How to become a cardiologist

Updated February 21, 2017

With the rise in diseases like hypertension and high cholesterol, cardiologists are needed now more than ever. They educate patients about the risks of stroke, heart attacks and heart failure. They're responsible for performing EKGs, treadmill stress tests, echocardiograms, cardiac catheterizations and angioplasties.

Get a bachelor's degree in an analytical subject like life sciences, chemistry, economics, engineering or psychology. It's not necessary to do a premed curriculum to succeed as a cardiologist.

Take the Medical College Admission Test (MCAT) to get into medical school. Check out the Liaison Committee of Medical Education (LCME), which accredits medical schools in the United States and Canada.

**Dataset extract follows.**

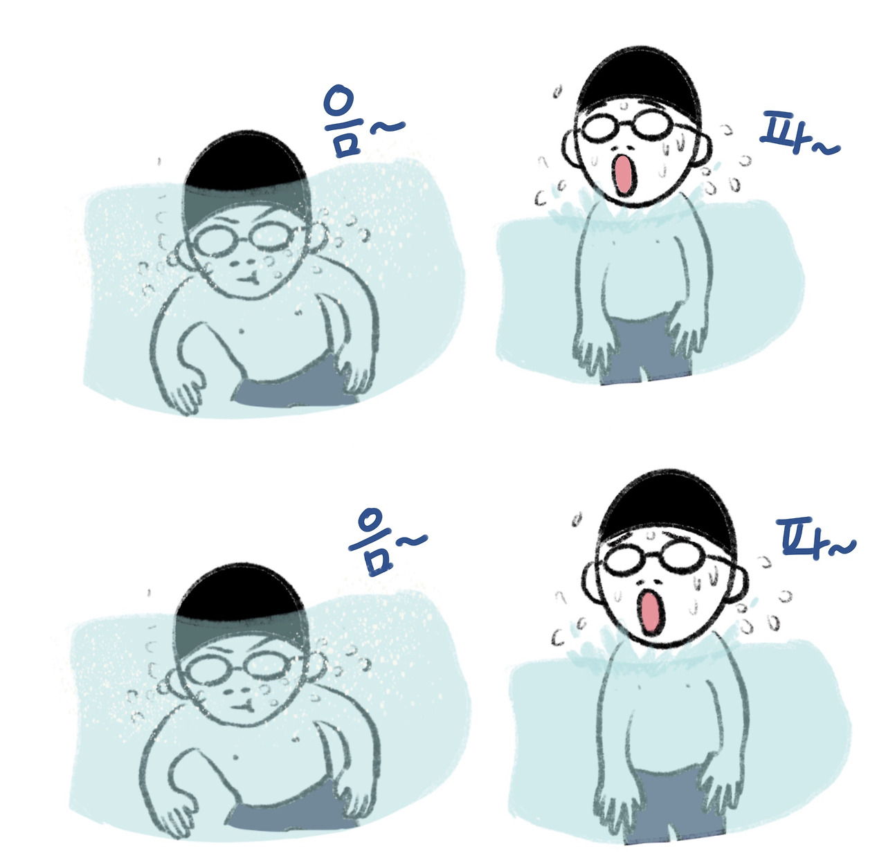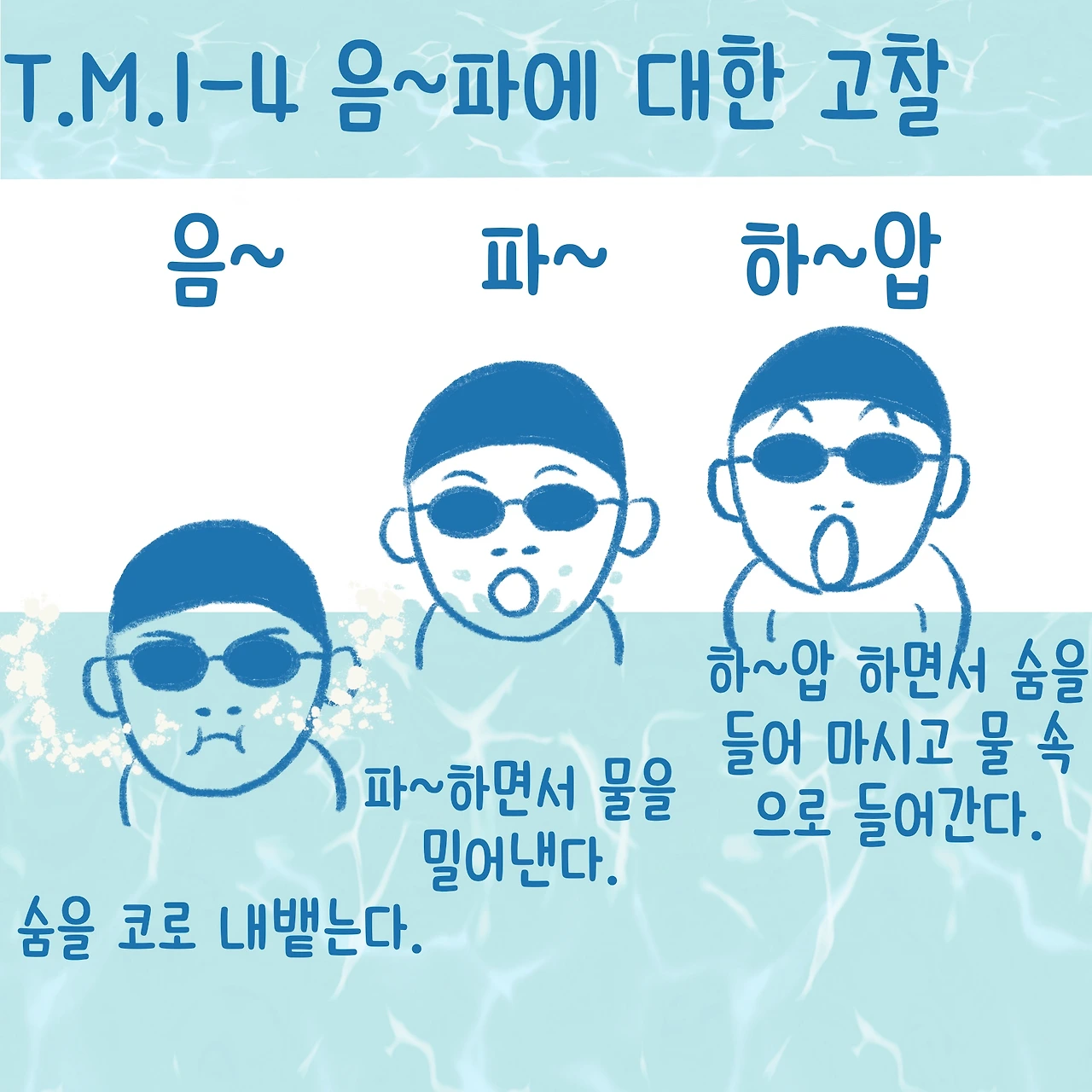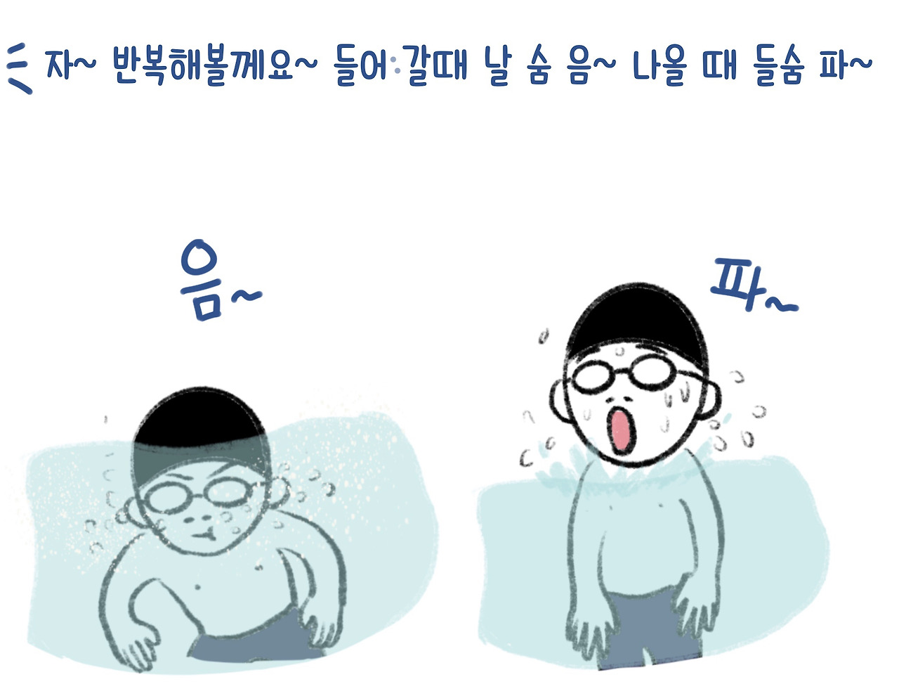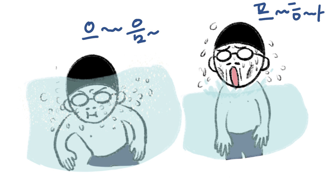 수영의 시작은 물속 호흡법이다. 보통은 음~파~ 로 알고 있는데, 막상 음, 파를 해보면 음은 코로 파는 입으로 하는 날 숨이다. 그러니 음파~ 음파~를 하다 보면 점점 숨이 차는 것이다. ( 강사 샘 왈~;;;;) 정확히 말하면 음~하면서 내뱉고 파~하면서 물을 밀어내고, 하~압 하면서 숨을 들이 마시고 다시 물속으로 들어가는 것이다. 다시 말해 음~파~하압, 음~파~하압 이라고 해도 될 것이다.

Concentrate on internal medicine in medical school. You learn about preventing, diagnosing and treating diseases affecting all organ systems. Cardiology specialization comes later.

Perform a three year residency program in internal medicine. This is a prerequisite for every cardiologist. You need to treat patients directly during your residency. Your level of responsibility increases as you progress through the program.

Acquire your license to practice medicine in your state. This is a prerequisite to getting certified as a cardiologist by the American Board of Internal Medicine (ABIM).

Get certified by the ABIM. This requires you attended an accredited medical school and meet certain standards in your residency program.

Complete three years of cardiology residency once certified as an internist. This includes performing cardiac catheterizations, EKGs and other cardiac tests.

Take the American Board of Internal Medicine test to get certified as a cardiologist.


Expect another couple of years of study for subspecialties like interventional cardiology, electrophysiology, echocardiography and nuclear cardiology.